But now you've apparently so dramatically advanced the state of the art that you no longer understand your own operating system. If we're to believe what you're saying, it's become a mystery to you, Microsoft. It's gotten away from you. And instead of it running better and in more places, you no longer know where or if it will run at all. So you've built yourselves a machine learning model, an AI, an oracle, to tell you where it might be safe to give it a try. Based on what? Statistics? Hope? A complex statistical model that you need an AI to peer into? What has gone wrong?

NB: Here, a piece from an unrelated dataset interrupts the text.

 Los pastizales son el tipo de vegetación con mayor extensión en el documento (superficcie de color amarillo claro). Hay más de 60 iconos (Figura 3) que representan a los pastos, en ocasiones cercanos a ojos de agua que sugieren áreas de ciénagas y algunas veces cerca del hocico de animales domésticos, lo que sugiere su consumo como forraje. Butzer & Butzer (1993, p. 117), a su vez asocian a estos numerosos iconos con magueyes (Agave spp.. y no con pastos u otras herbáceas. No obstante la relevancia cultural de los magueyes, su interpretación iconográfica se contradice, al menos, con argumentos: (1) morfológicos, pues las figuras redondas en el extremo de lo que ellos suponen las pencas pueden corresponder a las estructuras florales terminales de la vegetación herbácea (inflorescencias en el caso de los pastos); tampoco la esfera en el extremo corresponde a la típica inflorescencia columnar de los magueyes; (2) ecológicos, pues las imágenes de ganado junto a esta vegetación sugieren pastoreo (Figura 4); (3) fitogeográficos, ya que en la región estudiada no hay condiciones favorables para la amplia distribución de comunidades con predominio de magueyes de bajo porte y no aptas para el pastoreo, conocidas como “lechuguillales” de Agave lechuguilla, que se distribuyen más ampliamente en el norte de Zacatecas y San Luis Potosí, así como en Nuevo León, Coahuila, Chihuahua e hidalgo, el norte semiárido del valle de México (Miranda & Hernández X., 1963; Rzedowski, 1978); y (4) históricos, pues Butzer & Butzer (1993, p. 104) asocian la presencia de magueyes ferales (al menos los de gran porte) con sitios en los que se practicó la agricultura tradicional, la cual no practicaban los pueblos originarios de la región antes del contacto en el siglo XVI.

You are, and I quote, "leveraging your latest generation machine learning model to offer the upgrade to an expanded set of eligible devices." So you've somehow taken an operating system which could for many generations install and run on any Intel-based hardware that anyone had. But now it's so advanced that it can no longer run on all Intel-based hardware, only some. But you don't know where, what, or which? As I said, nothing about any of this should sound reasonable. Something has gone wrong in Redmond.

JASON: Something's rotten in Redmond.

Steve: And speaking of that - just it's nuts, Jason. Really. I mean, it's like we're all...

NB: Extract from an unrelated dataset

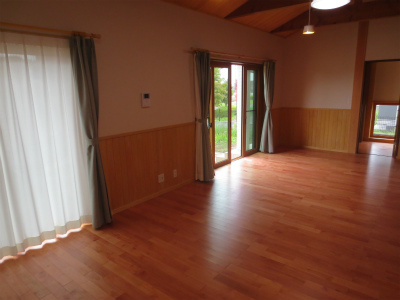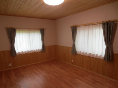 寝室になります。この部屋も、リビングと同じ仕上になります。檜の表情が、非常にお客様には満足していただいています。

JASON: That is. I love how you put it.

Steve: We're all buying this bullshit. I mean, it is - it's nuts. It's like, oh, well, maybe I'll get lucky, and Windows 11 will run. You know, I didn't want 10. They forced me to have it, and it ran just fine. Now I can't have it. So what, am I supposed to want it, you know, to get the rounded corners so I don't, you know, cut myself on a sharp edge? Oh, it's just looney tunes. You know? And everyone's like, oh, wow, they're using advanced learning model AI to figure out if I can have it or not. What?

JASON: Don't worry. The next version will be better. The next version will win you over again. It's the on-again, off-again TikTok nature of these releases here. All you can do is wait for the next release.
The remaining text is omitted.